Zeitungspapier unterm Bett – der uralte Trick gegen Feuchtigkeit

Die schwarze Stelle an der Wand? Der muffige Geruch, der morgens aus dem Bett kommt? Das ist kein Drama — aber es kann schnell werden. Ich habe selbst erlebt, wie feuchte Schlafzimmer im Winter Schimmel ansetzen. Lies das jetzt, bevor die Heizkosten steigen und die Gesundheit leidet.

Warum Zeitungspapier überhaupt hilft

Viele übersehen, dass Papier kurzzeitig Feuchtigkeit bindet. Frisches, trockenes Zeitungspapier saugt Kondenswasser wie ein kleines Tuch und verteilt die Feuchte so, dass keine feuchten Stellen unter dem Bett entstehen.

In meiner Praxis mit Berliner Altbauwohnungen zeigt sich: einfache Tricks schlagen oft teure Gadgets, zumindest als Erstmaßnahme.

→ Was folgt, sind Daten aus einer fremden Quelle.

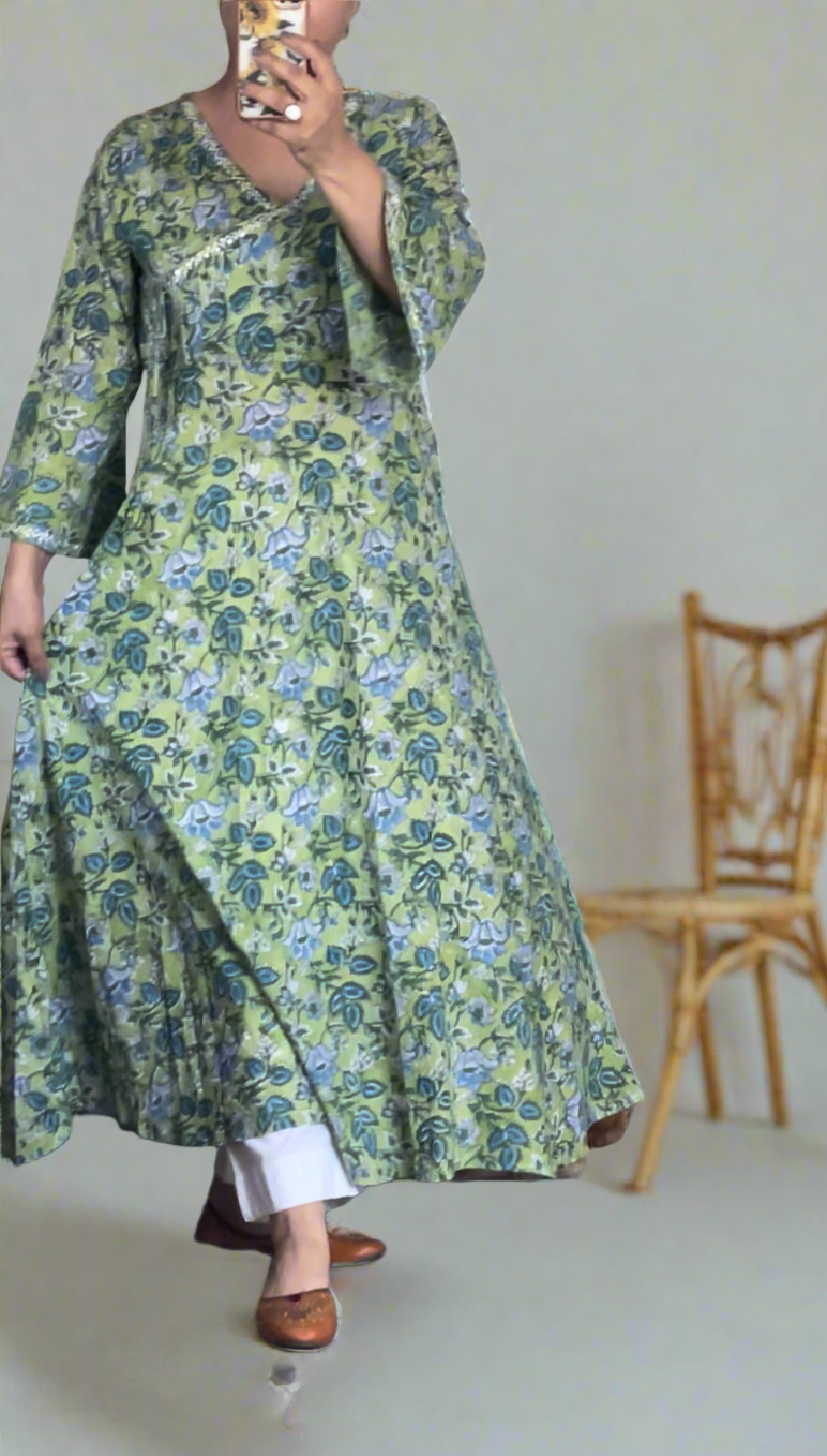 Hand Block Printed Angarkha Kurta: Light Kurta

Wie das funktioniert — kurz erklärt

  • Zeitungspapier nimmt Wasser in den Fasern auf.
  • Es erhöht die Oberfläche, an der Verdunstung stattfinden kann.
  • Bei regelmäßigem Wechsel verhindert es punktuelle Nässe und muffigen Geruch.

Wann der Trick nicht reicht (oder gefährlich wird)

Aber es gibt einen Haken: Zeitung ist kein Dauer-Entfeuchter.

Zeitungspapier unterm Bett – der uralte Trick gegen Feuchtigkeit - image 1

  • Wenn das Papier feucht bleibt, fördert es Schimmel statt ihn zu verhindern.
  • Bei starker Feuchte (Wasserflecken, Rohrleckagen) brauchst Du Profi-Schimmelbekämpfung und vielleicht den Vermieter.
  • Tinte kann abfärben — auf Holzfußboden oder Stoff kann das unschöne Spuren hinterlassen.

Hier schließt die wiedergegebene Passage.